The recent amendments to Rule 45 sharply undermine this argument, however, as they were intended to circumscribe the Court's authority to compel parties and officers to travel to faraway trials. The Advisory Committee's notes on the 2013 amendments to Rule 45 indicate that the changes made to the rule "resolve a conflict that arose . . . about a court's authority to compel a party or party officer to travel long distances to testify at trial; such testimony may now be required only as specified in new Rule 45(c)." Fed. R. Civ. P. 45 advisory committee's note (emphasis added). As the Advisory Committee explained:
Because Rule 45(c) directs that compliance may be commanded only as it provides, these amendments resolve a split in interpreting Rule 45's provisions for subpoenaing parties and party officers. Compare In re Vioxx Products Liability Litigation, 438 F. Supp. 2d 664 (E.D. La. 2006) (finding authority to compel a party officer from New Jersey to testify at trial in New Orleans), with Johnson v. Big Lots Stores, Inc., 251 F.R.D. 213 (E.D. La. 2008) (holding that [*8] Rule 45 did not require attendance of plaintiffs at trial in New Orleans when they would have to travel more than 100 miles from outside the state). Rule 45(c)(1)(A) does not authorize a subpoena for trial to require a party or party officer to travel more than 100 miles unless the party or party officer resides, is employed, or regularly transacts business in person in the state.
Id. See also Gregory P. Joseph, Major Changes in Federal Subpoena Practice, 82 U.S.L.W. 584, Oct. 22, 2013 ("This amended Rule 45(c)(1)(B) is designed to reverse decisions that have compelled senior corporate officers to travel across the country to testify at trial. Whatever judicial power may currently exist to do this -- and the cases are in conflict -- it is withdrawn effective Dec. 1.").

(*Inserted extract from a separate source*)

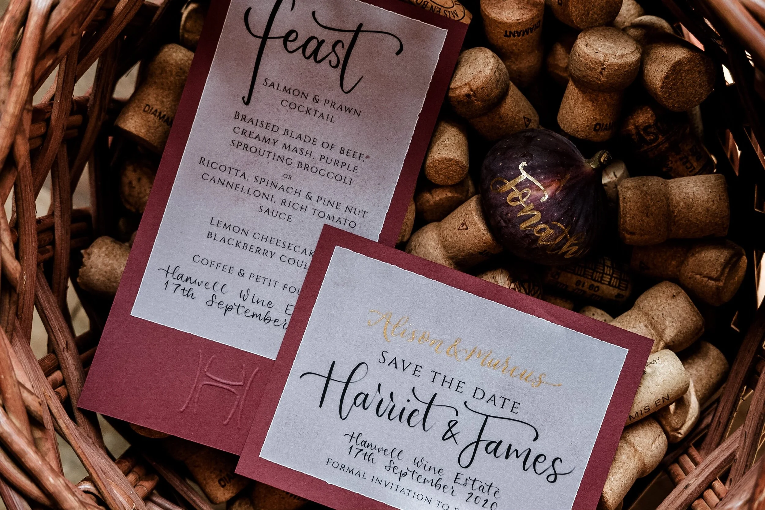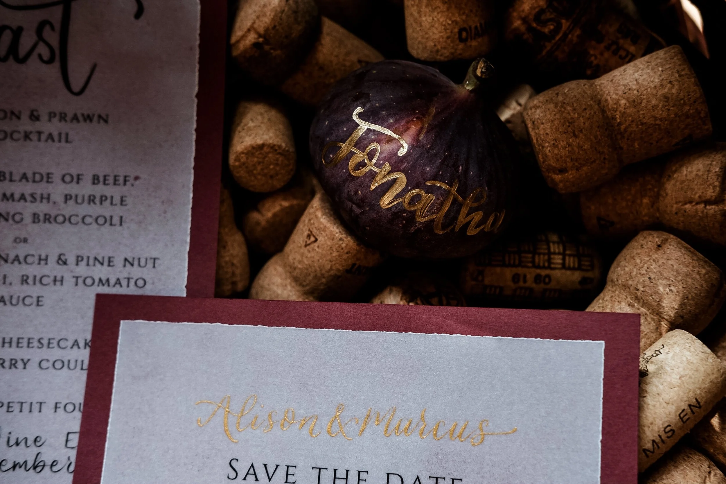 A close-up of a basket filled with wine corks, featuring a fig with "Jonathan" written on it and two event cards. One card lists a menu with items like salmon & prawn cocktail and lemon cheesecake. The other is a "save the date" announcement for an e

MCLM's argument that Cooper, as an officer, must appear in New Jersey for trial ignores both the text and the spirit of the rule, which expressly mentions both parties and officers of parties -- indicating recognition that officers are distinct entities from parties for purposes of the rule -- and provides protection against situations, as here, where the officer (or party) would have to travel across the country to testify [*9] at trial.